The threatened loss of over 10 percent of a State’s overall budget is economic dragooning that leaves the States with no real option but to acquiesce in the Medicaid expansion. The Government claims that the expansion is properly viewed as only a modification of the existing program, and that this modification is permissible because Congress reserved the “right to alter, amend, or repeal any provision” of Medicaid. §1304. But the expansion accomplishes a shift in kind, not merely degree. The original program was designed to cover medical services for particular categories of vulnerable individuals. Under the Affordable Care Act, Medicaid is transformed into a program to meet the health care needs of the entire nonelderly population with income below 133 percent of the poverty level. A State could hardly anticipate that Congress’s reservation of the right to “alter” or “amend” the Medicaid program included the power to transform it so dramatically. The Medicaid expansion thus violates the Constitution by threatening States with the loss of their existing Medicaid funding if they decline to comply with the expansion.
The gist of this ruling is that the Medicaid expansion is now going to be a whole lot more "voluntary" than before.

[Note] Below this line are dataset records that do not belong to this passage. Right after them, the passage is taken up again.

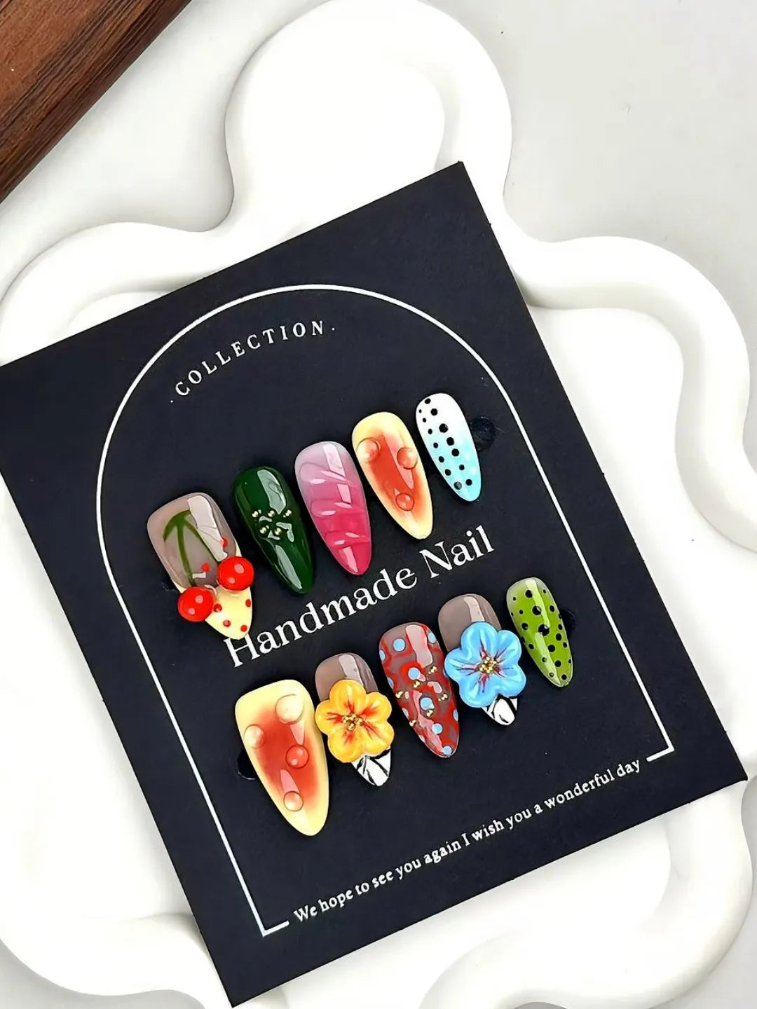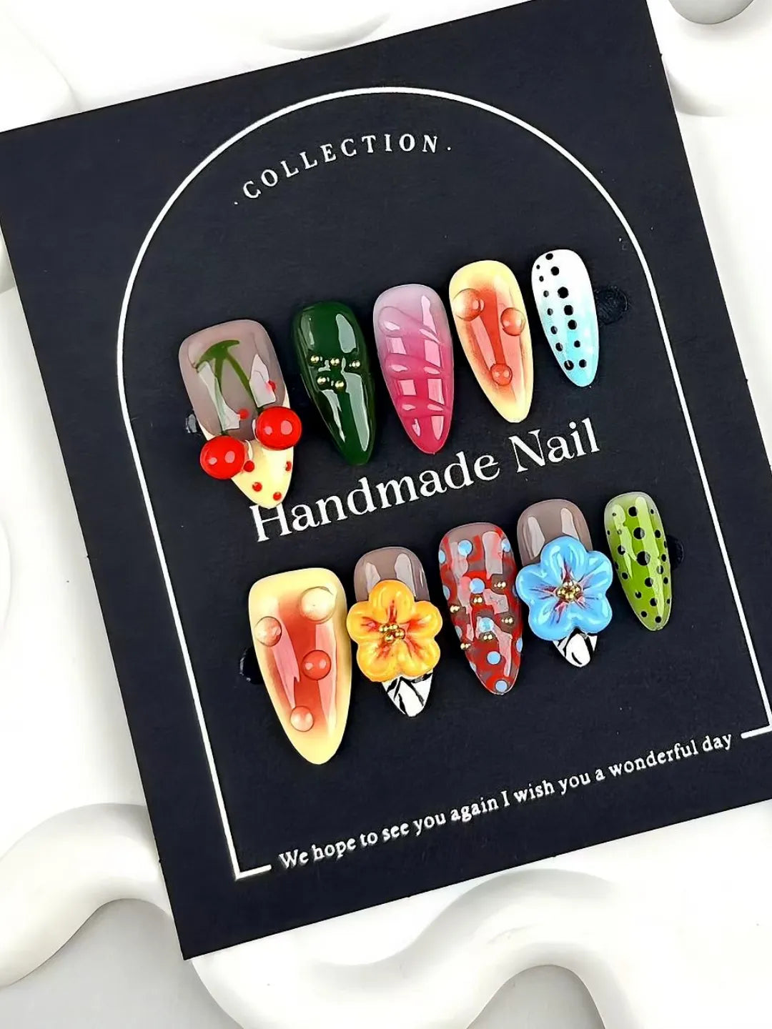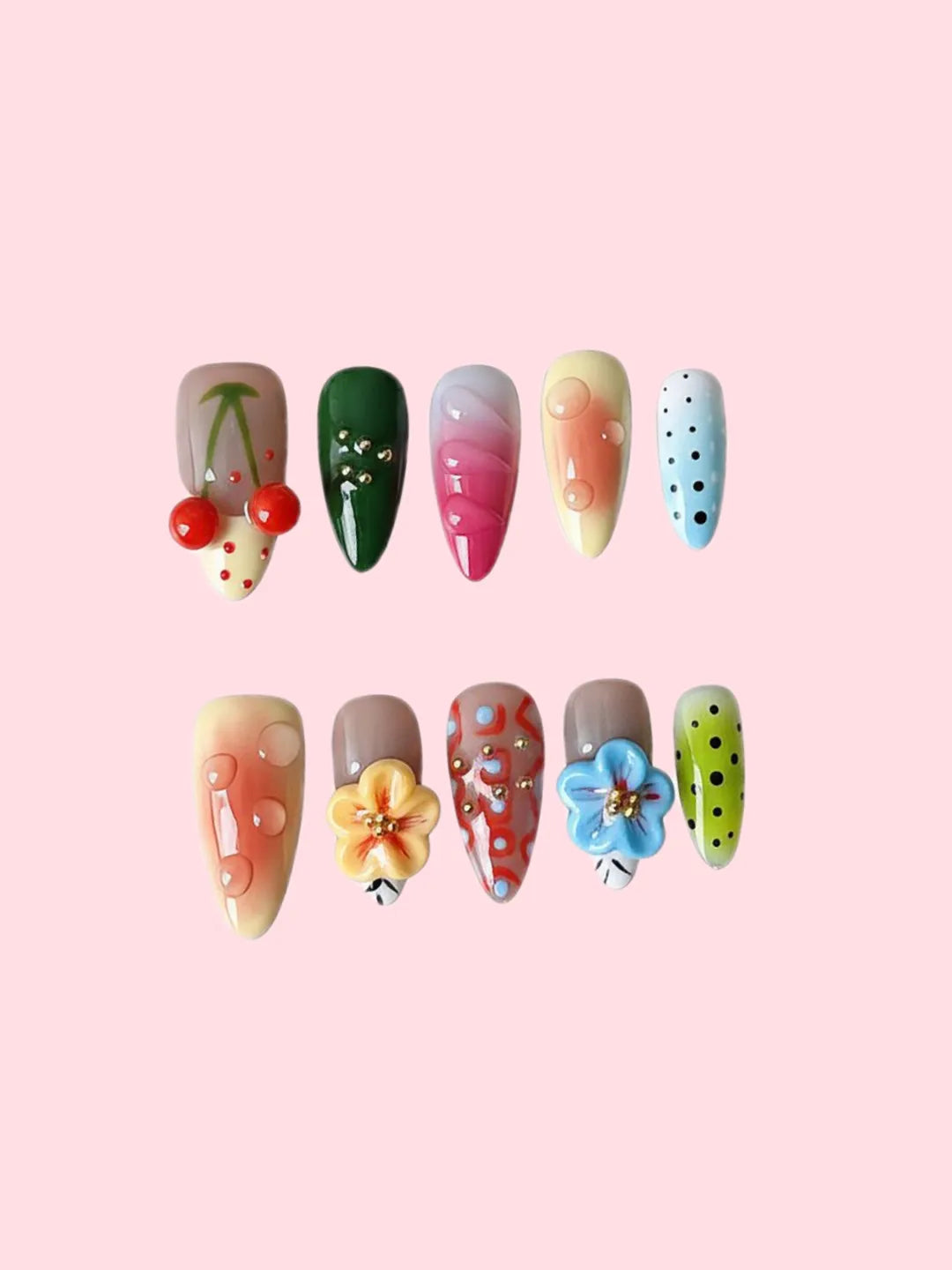 Handmade press-on nails with 3D cherry & flower sculpting, water drop accents, and vibrant cartoon colors. Fun, playful, and perfect for creative looks.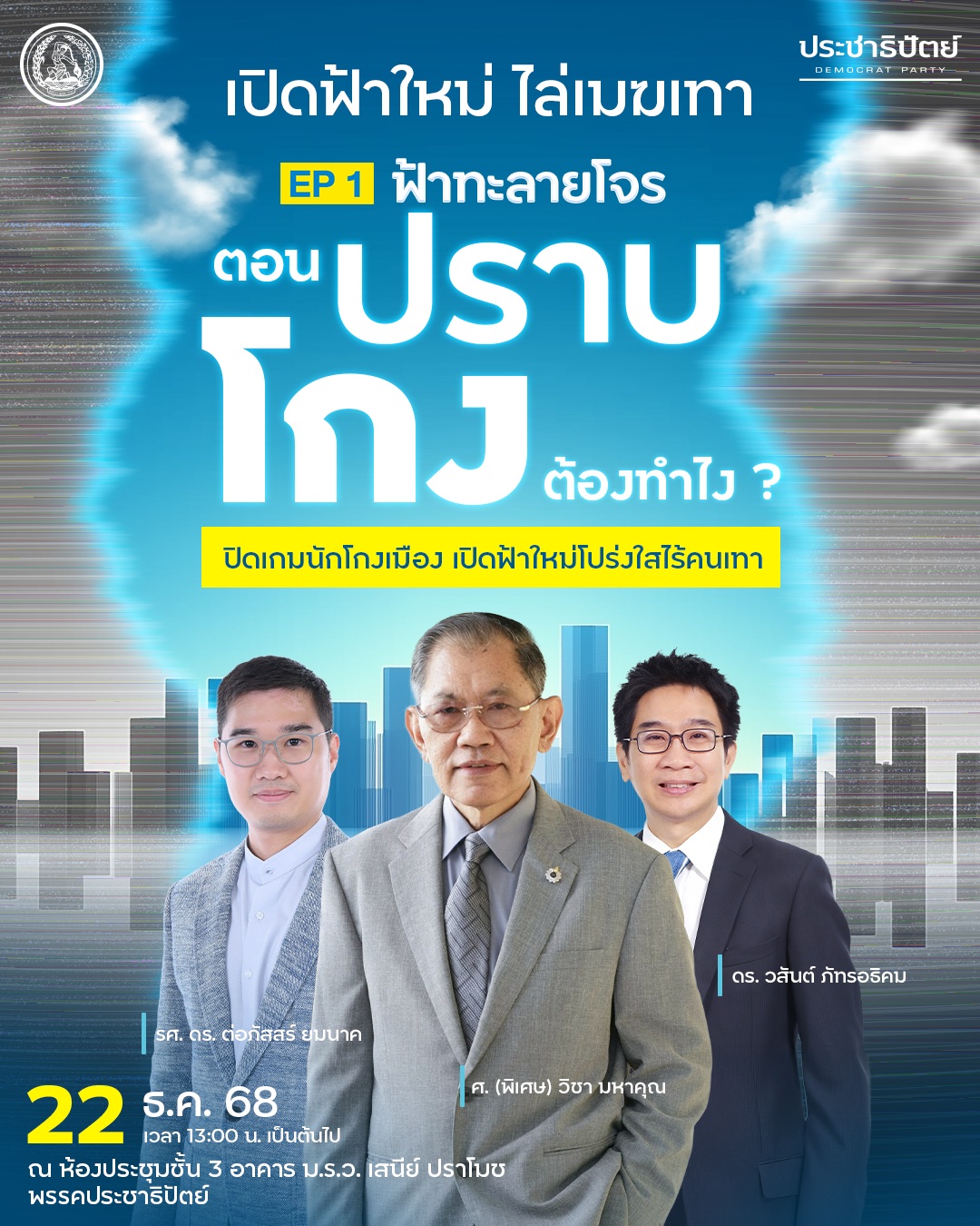 พรรคประชาธิปัตย์ เตรียมเปิดเวทีเสวนาทางวิชาการและการเมือง ภายใต้หัวข้อ "เปิดฟ้าใหม่ ไล่เมฆเทา EP.1 ฟ้าทะลายโจร ตอน ปราบโกง ต้องทำไง ?" เพื่อจุดประกายการแลกเปลี่ยนความคิดเรื่องการต่อต้านคอร์รัปชัน และบทบาทพรรคการเมืองในการฟื้นฟูความเชื่อมั่นของประชาชนต่อระบบการเมืองไทย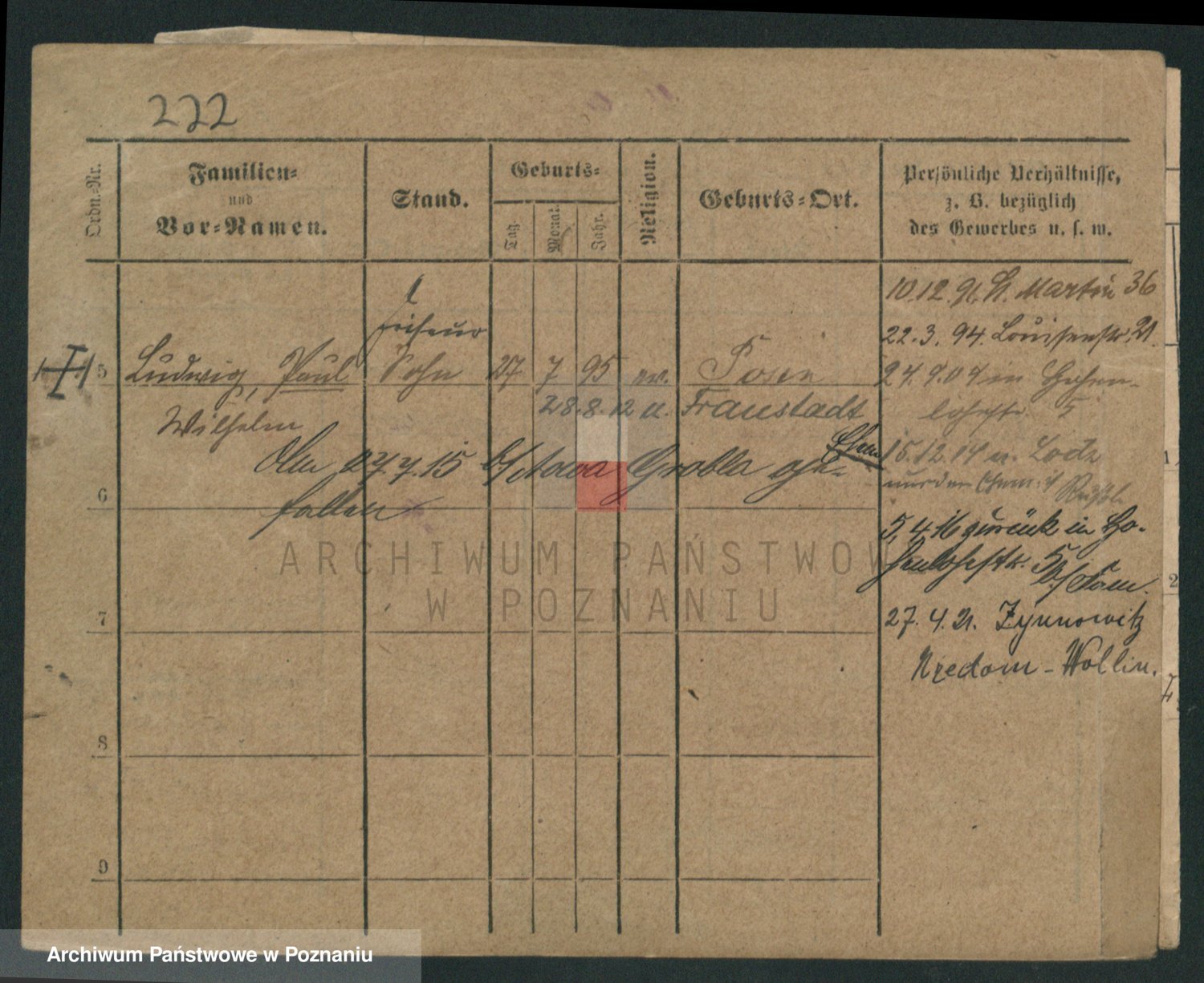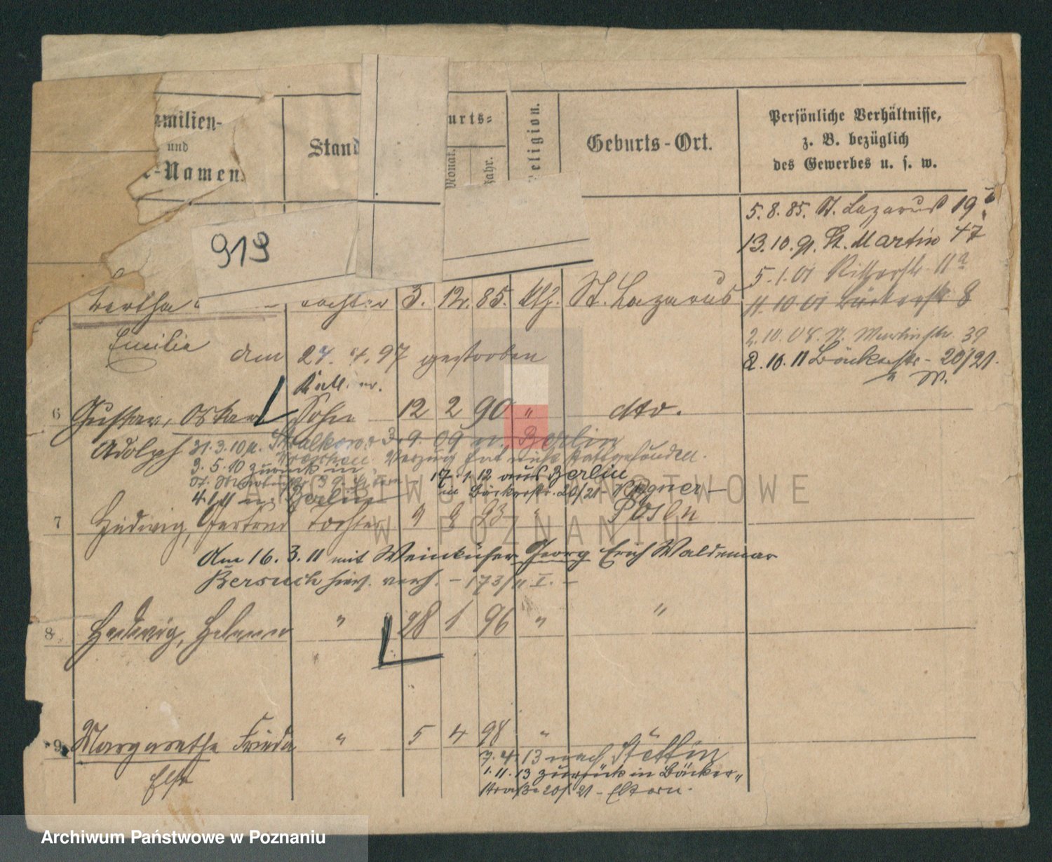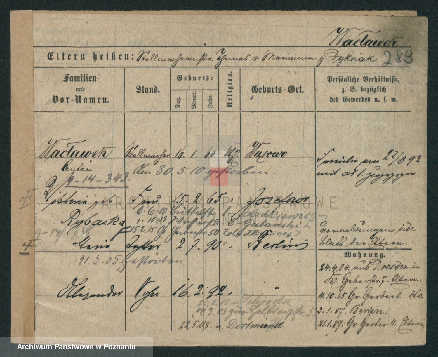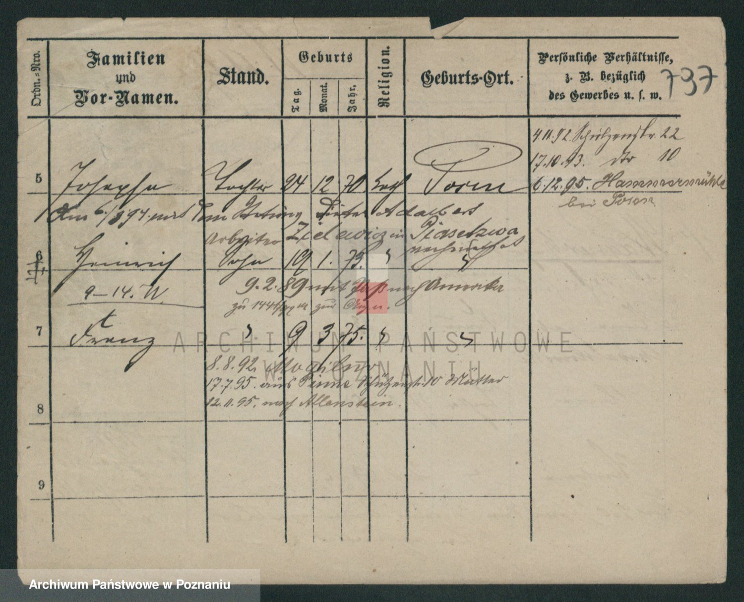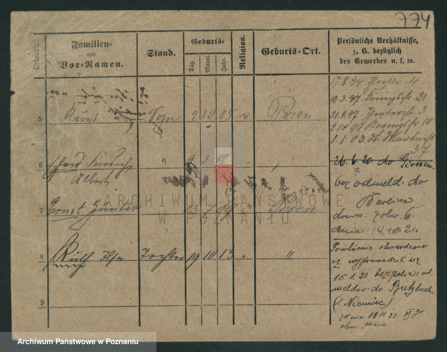 Podgląd karty osobowej dostępny jest po kliknięciu na nazwisko lub ikonkę karty. Można dokonywać powiększenia (ikony na górze) lub przechodzić między kolejnymi skanami (strzałki po bokach).

In short, the Medicaid expansion is going to cover far fewer uninsured Americans than originally anticipated, particularly in red states hostile to the idea of social insurance to begin with. How this will shake out, given that these same individuals will instead be covered under mandatory subsidized private insurance, remains to be seen.
CONCLUSIONS (FOR NOW)
The ruling takes a somewhat ineffectual attempt to reform health care and makes it a bit more toothless. But many of the provisions of the act...mandatory coverage, no recissions, consumer rebates, subsidies, etc., remain in place, and overall this is a vindication for Obamacare and the Democrats in Congress.
Or I should say, a big semantic victory for Randy Barnett and the ridiculous broccoli clause argument, but a real, practical victory for those who see this as at least a start, albeit a flawed one, at bringing the utterly broken Frankenstein monstrosity that is the US health care system under control.